Description of Processing Activities / Transfer
Annex 1 (A) List of Parties:
Annex 1 (B) Description of Processing/ Transfer
Set out below are the descriptions of processing/ transfers of Personal Data as contemplated as of the date of this DPA. Such descriptions are subject to change or may be supplemented pursuant to section 3.
- Module One (Controller to Controller) of the SCCs will apply where both Hopin and Vendor are separate data Controllers for Personal Data.
- Module Two (Controller to Processor) of the SCCs will apply where: Hopin is a Controller of Personal Data and Vendor is processing Personal Data.
- Module Three (Processor to Processor) of the SCCs will apply where both Vendor and Hopin are processing Personal Data.
- The EU C-to-C Transfer Clauses, EU C-to-P Transfer Clauses or EU P-to-P Transfer Clauses (as amended as specified by Part 2 of the UK addendum) shall be completed as applicable in accordance with the following:
a. In Clause 7, the optional docking clause will not apply;
b. In Clause 9, Option 2 will apply and the time period for prior notice of sub-processor changes will be as set forth in section 9 of this DPA;
c. In Clause 11, the optional language will not apply;
d. the competent supervisory authority shall be determined in accordance with clause 13;
e. the governing law for purposes of Clause 17 shall be the law of Ireland, save to the extent not permitted by UK law, in which case the law of England and Wales will apply;
f. for the purpose of clause 18, the Irish courts will have jurisdiction, save to the extent not permitted by UK law, in which case the courts of England and Wales will have jurisdiction. To the extent required by UK law, all references to EU and EU Member State law in the SCCs shall be read as references to the equivalent laws of England and Wales.

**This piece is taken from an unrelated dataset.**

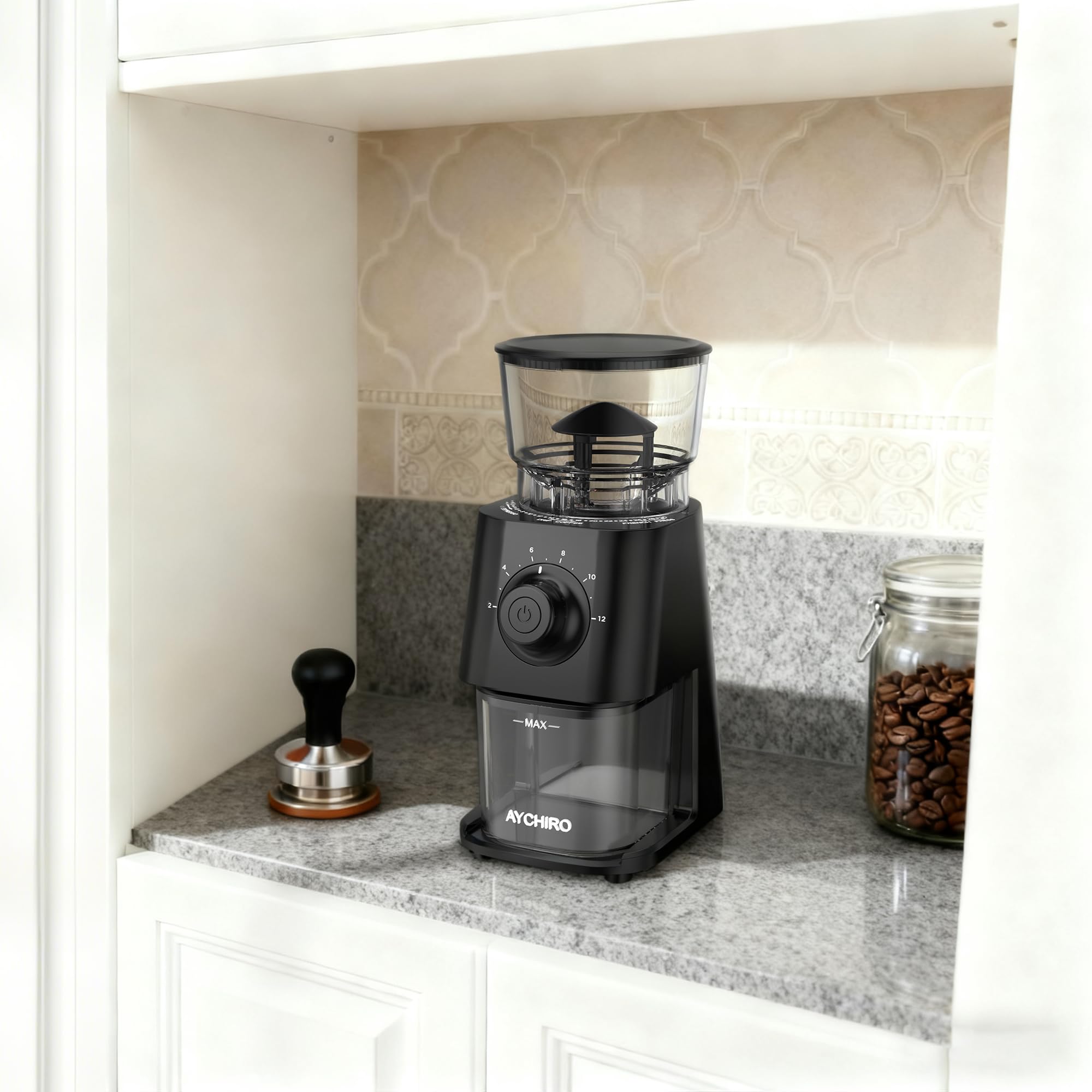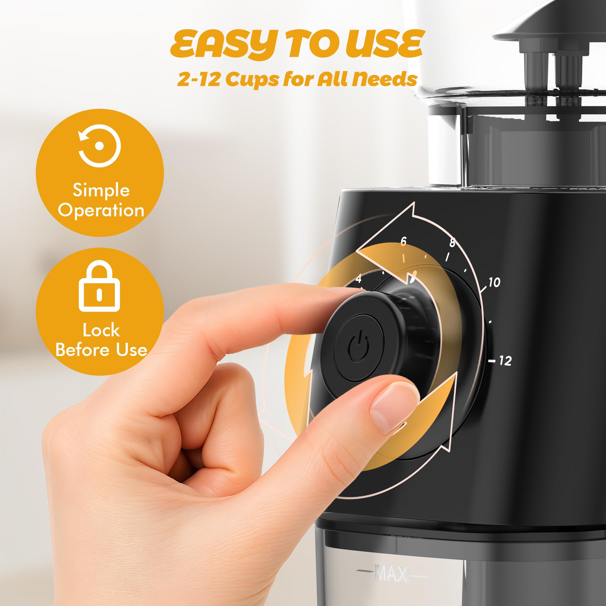 Intuitive Dial Knob Control:Black dial knob with clear markings enables effortless switching between grind sizes in seconds, eliminating guesswork for beginners and coffee lovers alike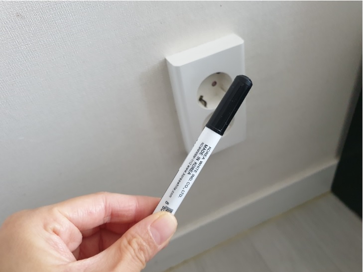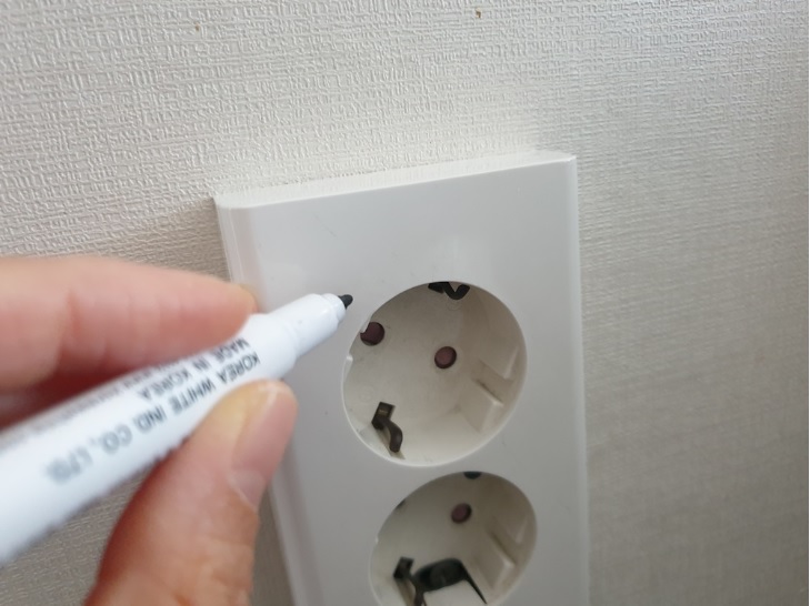 네임펜으로 콘센트 구멍의 각도를 살짝 표시해 주세요

- In Annex I, Part A of the SCCs: The Data Exporter is Hopin and the Data Importer is Vendor, and the contact details are set forth in the Main Agreement. The roles of Data Exporter and Data Importer are set forth in the Application of this DPA Section of this DPA and as otherwise set forth in the Main Agreement.
- In Annex I, Part B of the SCCs: The categories of data subjects and nature and purpose of the processing are described in Annex 1 (B) of this DPA. It is not anticipated that sensitive data will be transferred. The frequency of the transfer is a continuous basis for the duration of the Main Agreement. The period for which the Personal Data will be retained is for the term of the Main Agreement or for as long as Vendor is permitted or required to retain the Personal Data. Annex 2 to this DPA serves as Annex II of the SCCs.
- Tables 1 to 3 in Part 1 of the UK Addendum shall be deemed completed with the information set out above in Annex 1 (B), Annex 2 and section 4 of this Annex (as applicable) and table 4 in part 1 shall be deemed completed by selecting “data exporter”.
- For the purposes of table 2 in part of the UK Addendum, the parties confirm that the Personal Data received from Hopin will not be combined with personal data collected by Vendor.